I can suck up this crap for 6 more months. I have endured far worse. Regardless of what happens I am out at the end of Oct. and either taking a break or getting another job.

I am leaving this on here because I need to keep it in mind:

SPOILERS! (Click to view)

I have been in shitville Kosovo for 2.5 years now and it has paid my debt, allowed me to finish my degree, let me travel to a bunch of places and helped my bank account. At the same time it has cost me something. A something I hope I can get back.
I lost some sort of edge I had, some hardness, some anger, some passion, something that drives me and pushes me to go hard. I am lazy here. I don't train hard. I don't read like I used to. I don't write like I used to. I don't talk to my friends. I don't use my mind or my body like I used to and it bothers me. I try, I start back in but never keep it going. The excuses are easier to find here. There is always a reason not to read, not to ride, not to lift, not to run, not to do Yoga.
This place is oppressively drab and off putting. It is so fucking monotonous, every day is exactly the same. The same scenery, the same people, the same job.
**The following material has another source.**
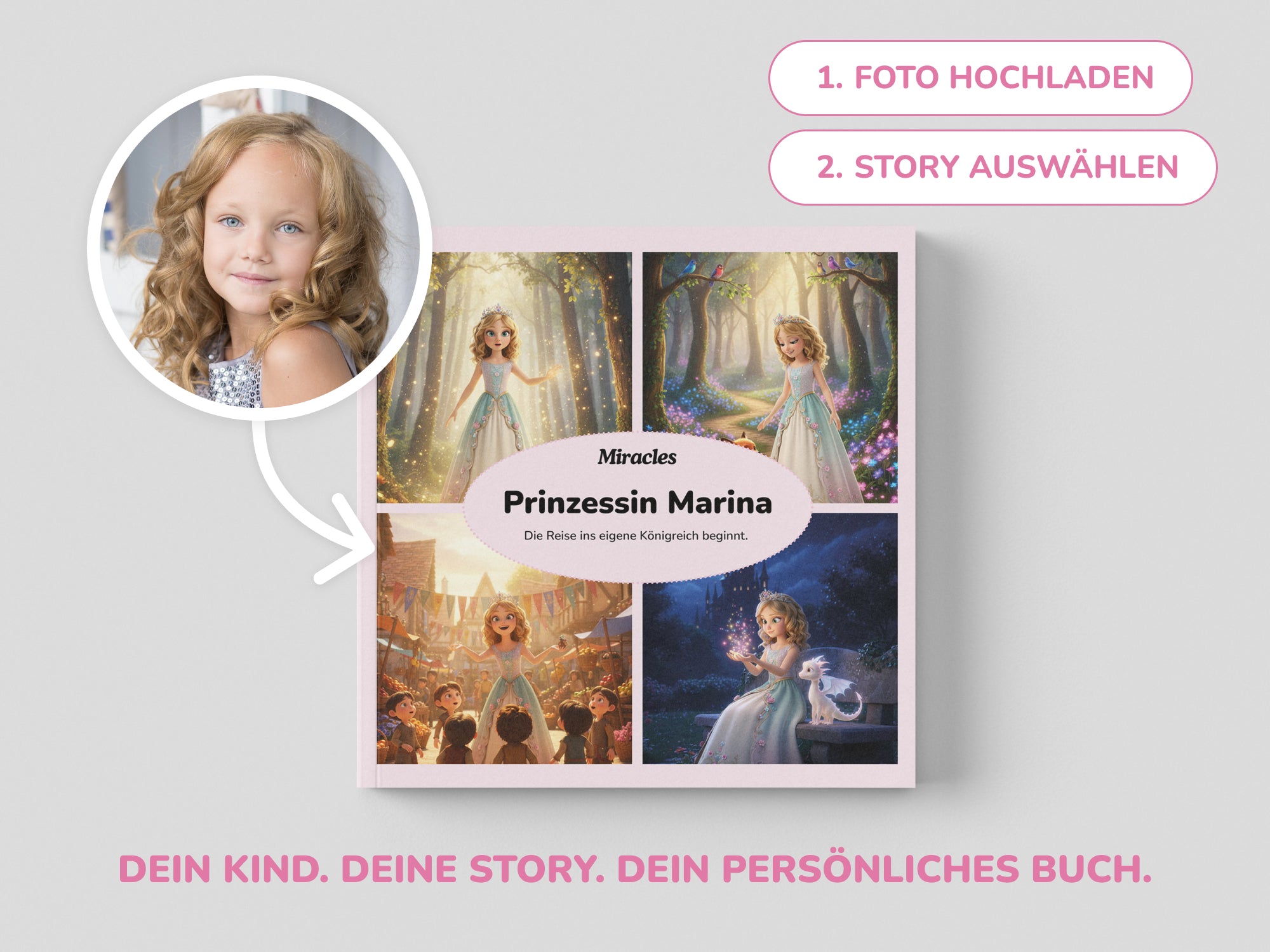 Das Ergebnis ist ein Märchenbuch, das es nur ein einziges Mal gibt - für dein Kind.

You would think carrying a loaded weapon every day at work and having to deal with security situations would help keep that edge but the strangling void of suck that this place is kills it.
It seems like I just use this place as an excuse, but so many others are the same. This place makes you unmotivated and lazy. It sucks the life out of you. It makes you want to just lay in bed and watch movies. Use my body and mind? That is so unlike me.
I know it is time to move on, I need to leave here and do something else. I hate the way I am right now and it just keeps going. So I lost that fire in me since I have been here and I feel so soft. I don't feel alive the way I used to. I am in the land of the dead and I am one of the dead, which was never the case. I need that edge back. I need to feel alive again. I need to be how I was.
I need that rage, that anger, that passion, that drive, that desire to be so much more than I had before I came here.
I need to plan my next move and get going. I am on contract until Oct. but may not make it depending on what comes my way.



VIEW 3 of 3 COMMENTS
bully:
no no YOUUU rule the world !

:]
May 25, 2008
nikonphoto80:
Sorry it took me so long to reply.

i am glad that I went, I just wish I would have had some one with me, if I would have had some one with me then I could have talked to them the whole time and not felt so bad just walking around by myself.

I'm glad you like the photos, I have a BFA in photography so I'm really hard on myself because my teachers were always hard on me, I just need to realize that these kinds of photos are just for fun.

I hope the tattoo turns out great.

Well I hope you take a lot of photos when you go there, I want to go there so bad.